House Republicans pumped up the pressure Tuesday on the Securities and Exchange Commission to ease restrictions on companies seeking to raise money from investors.

But Democratic lawmakers urged the SEC not to abandon rules meant to protect potential shareholders from financial fraud.

SEC Chairman Mary L. Schapiro charted a middle course through the political crossfire, promising to reconsider long-standing regulations that Republicans call unduly burdensome but rejecting some of their arguments about the need for change.

Rep. Darrell Issa (R-Calif.), chairman of the House Committee on Oversight and Government Reform, used a hearing of his panel to press the cause of businesses that want to tap investors for money but are far from eager to make the many financial disclosures demanded of companies traded on the stock market.

Currently, when companies amass 500 or more shareholders of record, they are required to register with the SEC and make an array of disclosures, including how much money they are making or losing and how much they pay their top executives.

Many companies want to postpone that day.

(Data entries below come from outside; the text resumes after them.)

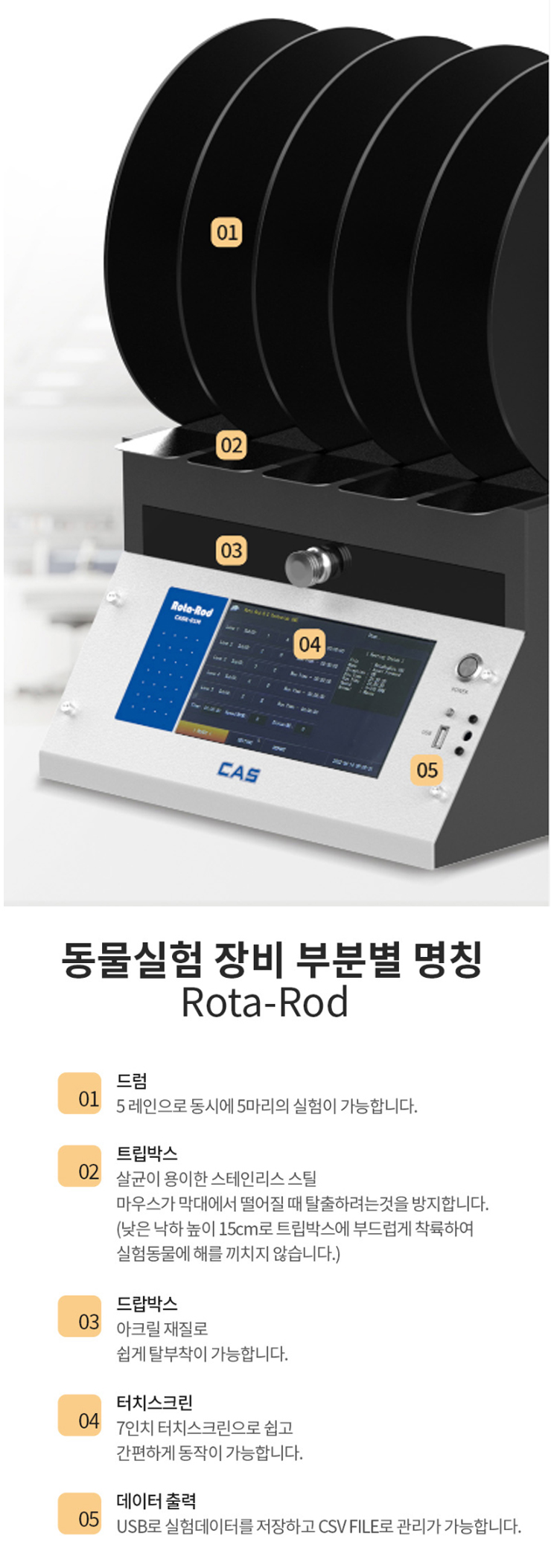 Rota-Rod´Â ¿îµ¿ Àå¾Ö³ª ³ú ¼Õ»ó ¿¬±¸ ¾à¹°ÀÇ ½ºÅ©¸®´× µî µ¿¹°½ÇÇè¿¡ ¾²À̸ç,  ½ÇÇ赿¹°ÀÌ µå·³¿¡¼ ¾Æ·¡ÀÇ Æ®¸³ ¹Ú½º·Î ¶³¾îÁö¸é ¼¾¼¸¦ ÅëÇØ ½ÇÇèµ¥ÀÌÅ͸¦  ÃÊ ´ÜÀ§·Î ±â·ÏÇÕ´Ï´Ù.
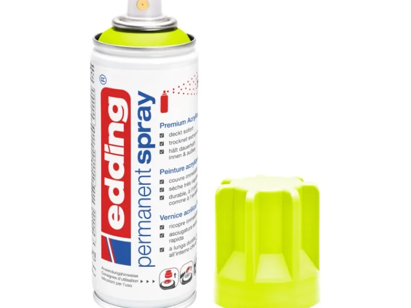 Der edding Acryllack wird mit zwei Sprühköpfen ausgeliefert. Der Standard-Sprühkopf hat eine Sprühbreite von ca. 5-6 cm, Wechselsprühköpfe sind in den Sprühbreiten fein (ca. 1 cm), medium (ca. 4-5 cm), breit (ca. 8-10 cm) und variabel (ca. 13-14 cm) erhältlich.
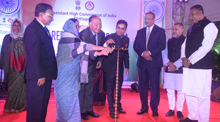 জমকালো আয়োজনের মধ্য দিয়ে চট্টগ্রামে উদযাপিত হয়েছে ভারতের ৭৫তম প্রজাতন্ত্র দিবস। শুক্রবার (২৬ জানুয়ারি) রাতে সহকারী হাইকমিশন প্রাঙ্গনে এই উপলক্ষে সংবর্ধনা ও সাংস্কৃতিক অনুষ্ঠানের আয়োজন করা হয়।

Facebook became the public face of the debate months ago when it raised money through a private channel instead of turning to the stock market. Facebook limited its private share offering to foreign investors, steering clear of potential regulatory trouble in the United States. (Washington Post Co. Chairman Donald E. Graham sits on Facebook’s board of directors.)

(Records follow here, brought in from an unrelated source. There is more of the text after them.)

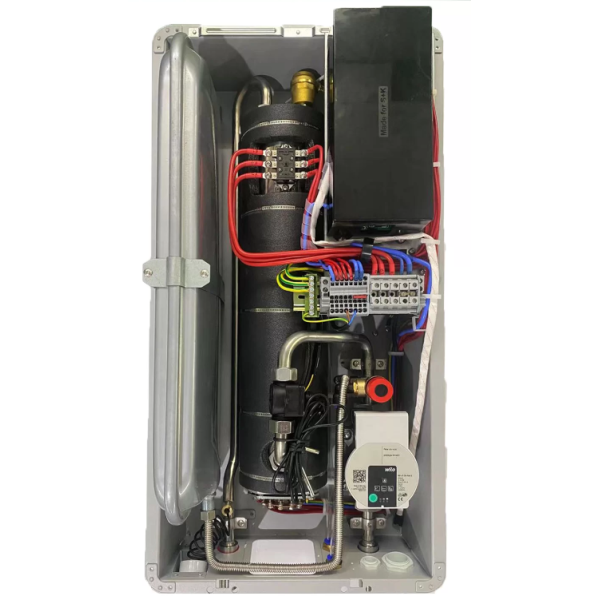 * mini kotlarnica - opremljen pumpom (frekventno regulisana smart pumpa), posudom, senzorom protoka, sigurnosnim komponentama - sve navedene komponente su EU proizvodnje.
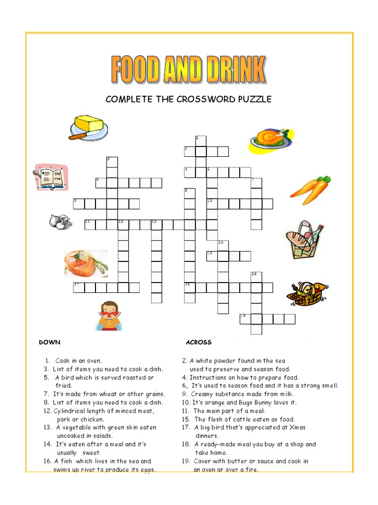 50 Food Crossword Puzzles with Answers ProProfs Games
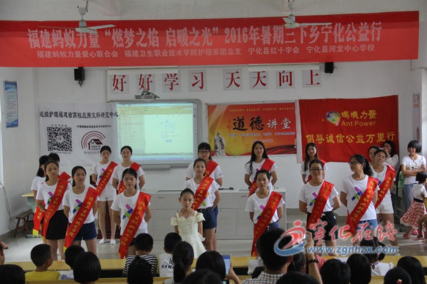 ? ? 近日,寧化縣河龍中心學(xué)校校園里熱鬧非凡,80多名孩子們載歌載舞、剪紙朗誦,好不開心。原來是福建螞蟻力量公益聯(lián)合福建衛(wèi)生職業(yè)技術(shù)學(xué)院護(hù)理系在這里開展“燃夢之焰,啟暖之光”2016年暑期三下鄉(xiāng)支教活動(dòng)。
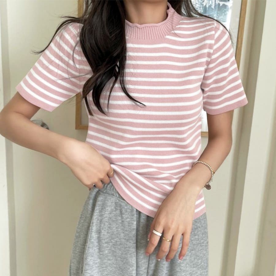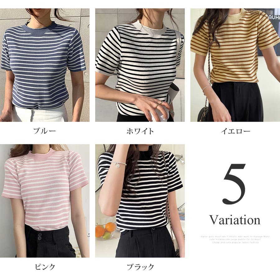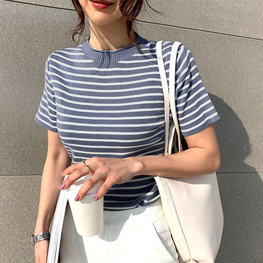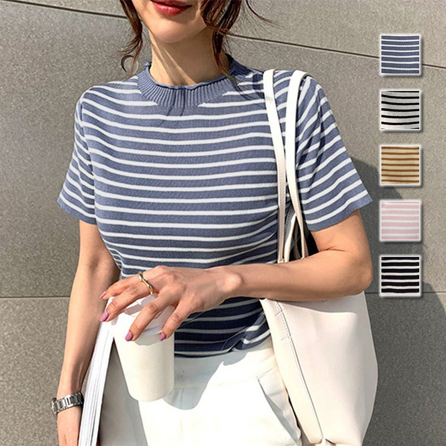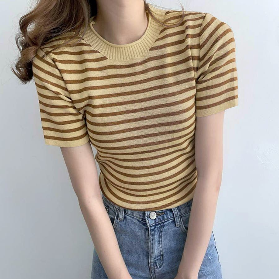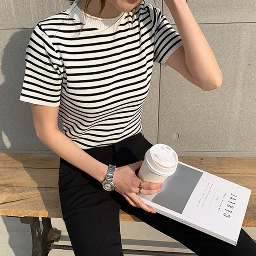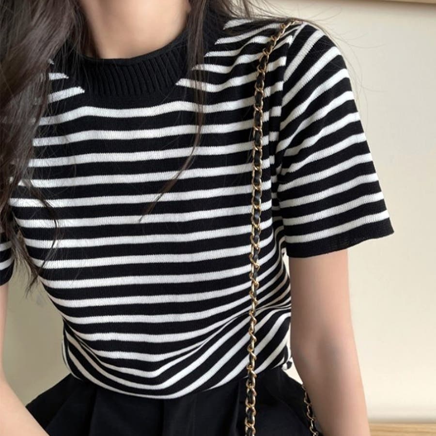 ボーダー半袖ニットソー レディース トップス春服
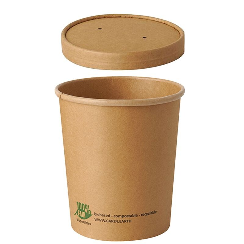 500 Bio Suppenbecher + Deckel To Go, Pappe `pure` rund 940 ml braun `100% Fair`
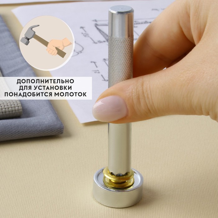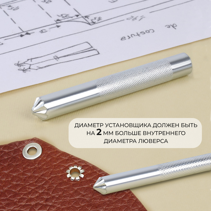 Набор инструментов «Ромашка» предназначен для ручной установки люверсов с помощью молотка. Такой набор позволит установить фурнитуру на ваше изделие в домашних условиях. Отличительное преимущество данного инструмента в том, что с изнаночной стороны люверс расплющется в форме ромашки.
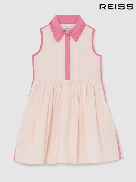 Reiss Light Pink Odela Cotton Contrast-Trim Collared Dress
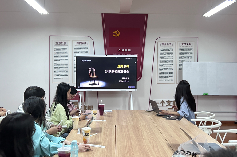 10月16日晚,来利国际旗舰厅邀请深圳市蓝天教育培训公司进校开展2025届专场招聘宣讲会。英语(师范)专业2023届员工张信紫分享了蓝天教育的校招政策、行业前景、办学优势和薪资待遇。
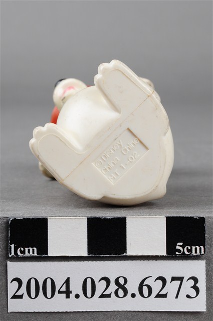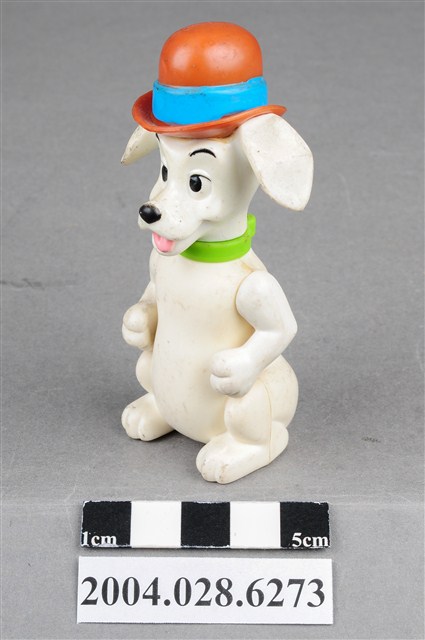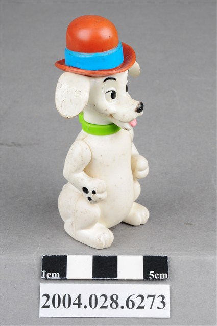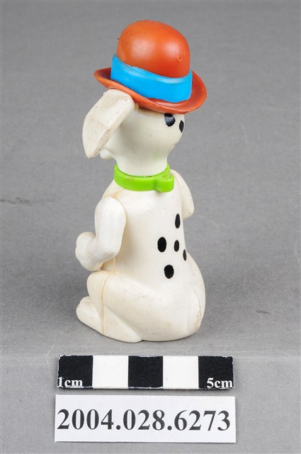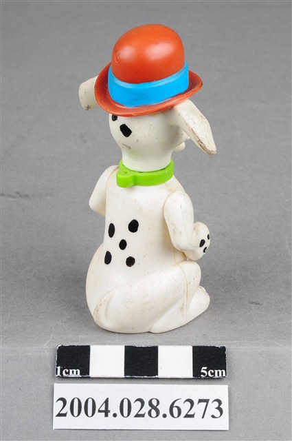 1.本物件為麥當勞101忠狗紳士帽玩具,材質為塑膠,外表為立姿大麥町犬戴著棕色紳士帽,帽子上繫著藍色緞帶,大麥町犬頭後有兩個黑色斑點,頸部有綠色項圈,右前腿有三個黑色斑點,背上有五個黑色斑點,物件底部有「Disney」、「China」、「Chine」、「MT 1-02」字樣。

Issa said Tuesday that he wants to remove obstacles to economic growth and job creation.

Through his questioning, he suggested that regulatory costs have been discouraging companies from holding IPOs, or initial public offerings of stock, in the United States.

Schapiro said many factors go into companies’ decisions about whether and where to go public, including the state of the economy. Foreign stock markets have matured into viable alternatives to the United States, she said. In addition, the underwriting fees that investment bankers charge are lower in Europe, she said.

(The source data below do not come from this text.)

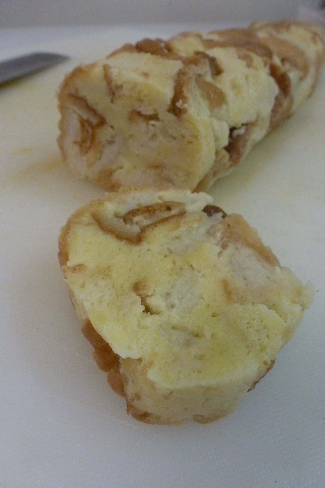 The rolls are steamed or poached until the egg has set, about thirty minutes, though cooking time depends on the diameter of the dumpling. Once cooked the rolls can be chilled overnight, then sliced into rounds.
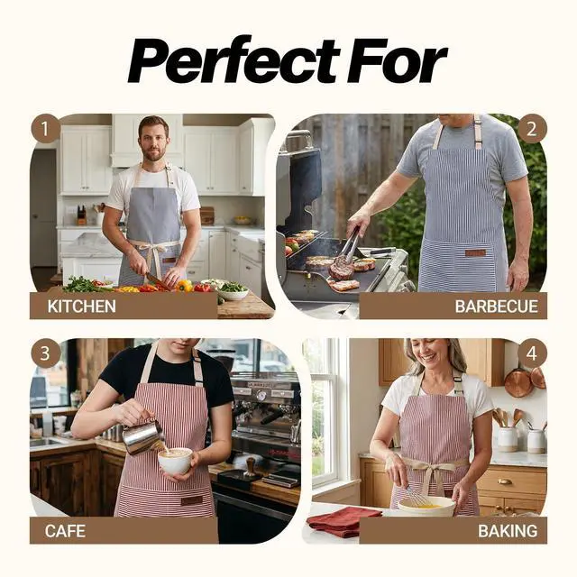 Skin-Friendly Durability | Stain-Resistant Fabric Crafted with 65% cotton + 35% polyester blend,our aprons balance softness against skin and oil/water resistance. Unlike plasticky competitors, the breathable weave wicks sweat duringhot kitchen tasks while blocking stubborn stains like wine or grease.Machine-wash cold maintains color vibrancy for 100+ washes.
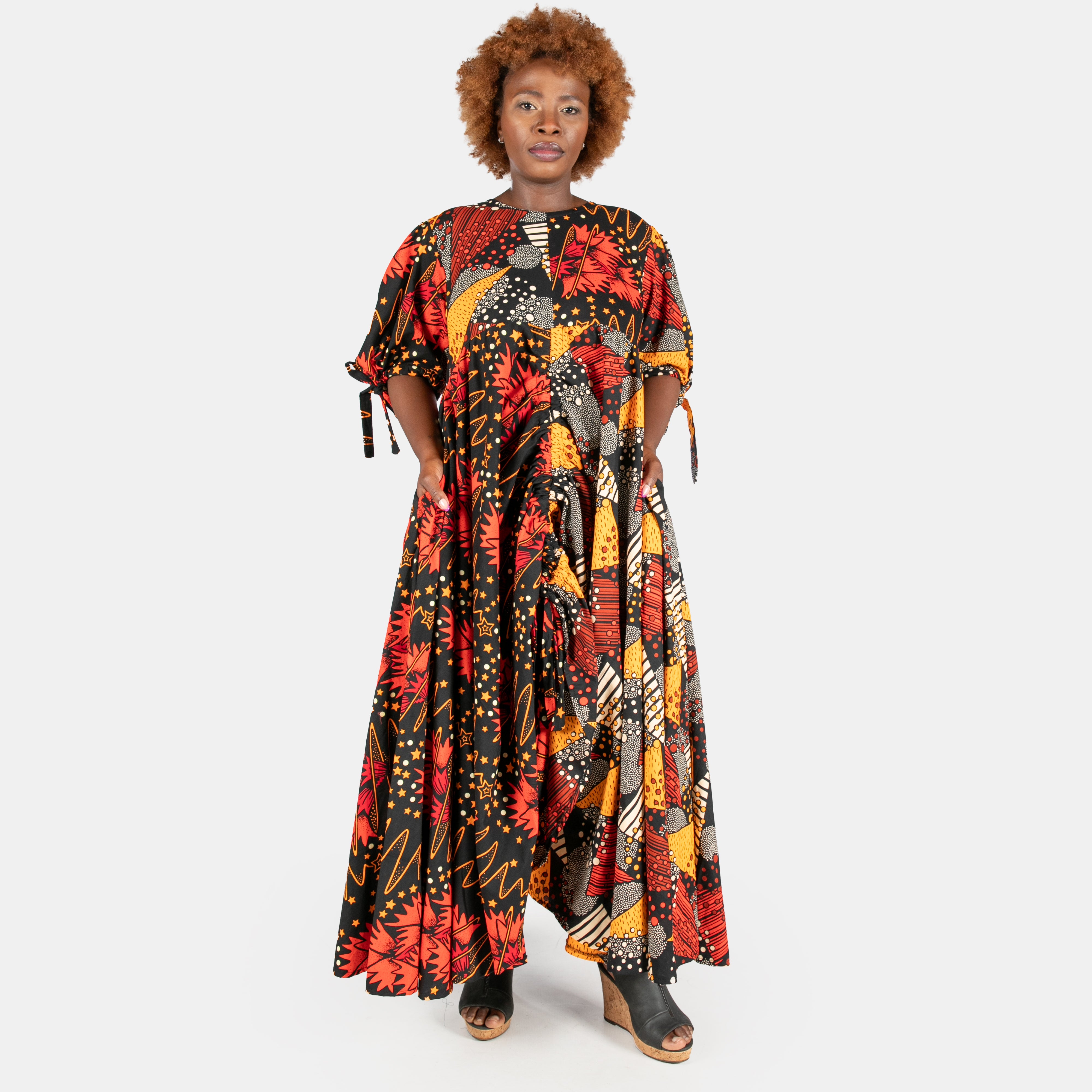 The voluminous skirt joins directly under the bust and extends out gracefully toward the ankles.
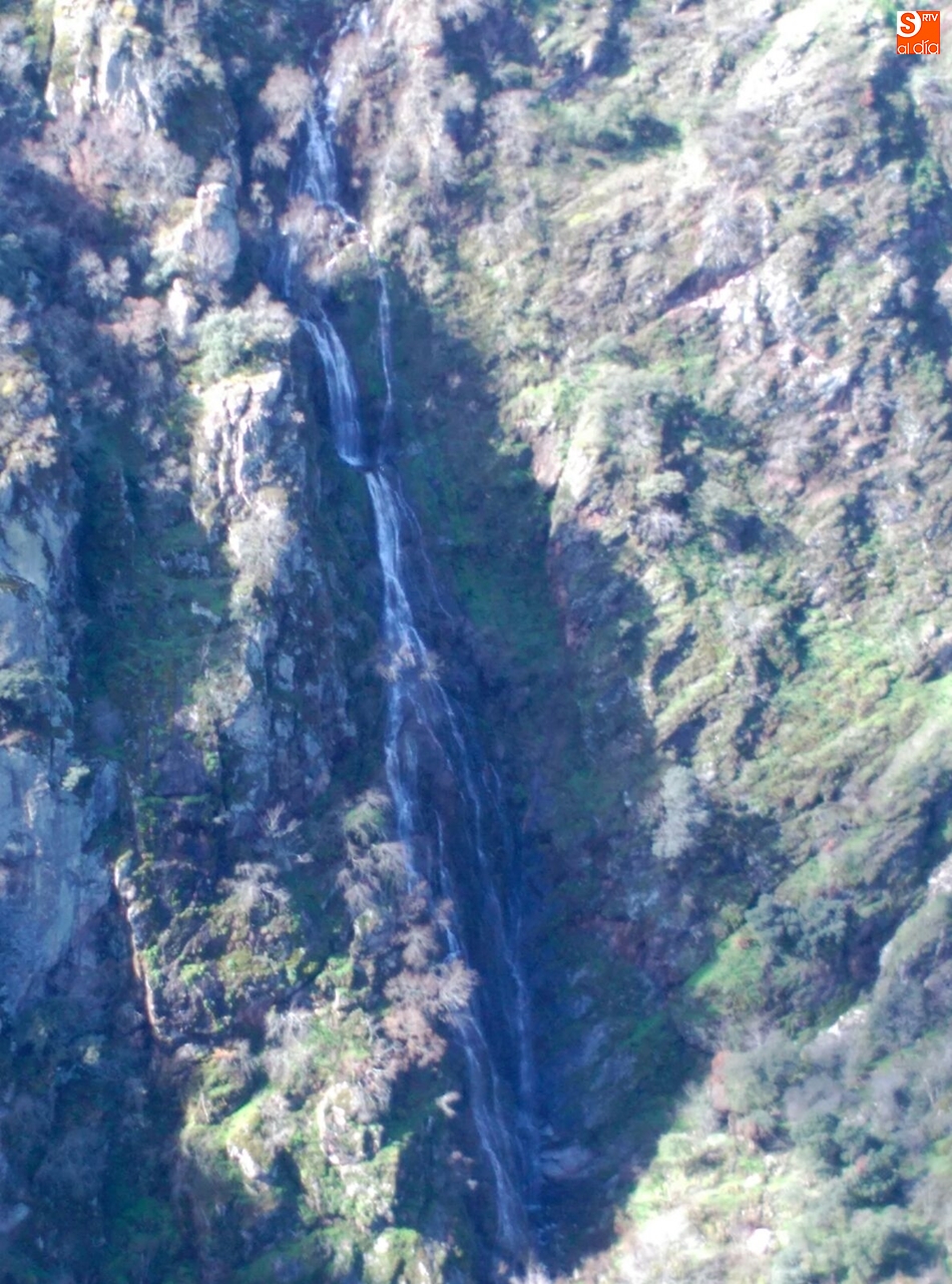 Este pareje emblemático recupera su esplendor con las lluvias, y ante la cercanía de la primavera que ya anuncian los almendros. Así, pues cientos de personas se trasladaban este domingo hasta este emblemática paraje del río Uces, entre Masueco y Pereña de la Ribera, para ver la espectacular cascada de más de 60 metros de altura.

SEC data do not suggest that a significant number of companies are going offshore for their IPOs, Meredith Cross, director of the SEC’s division of corporation finance, told the committee.

Nonetheless, Schapiro said the agency is reviewing whether 500 shareholders of record is the right threshold for SEC regulation. She said the agency is also examining restrictions on what companies can communicate when soliciting investors through private offerings.

Rep. Elijah E. Cummings (Md.), the ranking Democrat on the oversight panel, said the stock market crash of 1929 and the financial crisis of 2008 taught that inadequate regulatory oversight can lead to recklessness, fraud and unscrupulous behavior in the financial markets.

Schapiro’s comments underscored the SEC’s potentially conflicted role. In a statement, she said the agency must balance two responsibilities: facilitating companies’ access to investment capital and protecting investors.

With Republicans in control of the House, and potentially the SEC’s purse strings, the political pendulum has swung since Schapiro entered office in 2009.

Tuesday’s hearing was another piece of the business-friendly deregulatory agenda that Republicans have been pursuing. In a video appeal on his committee’s Web site, Issa urges business leaders to write in.

“Tell us the regulations that are stopping you from creating jobs, and we will work for you tirelessly,” he says.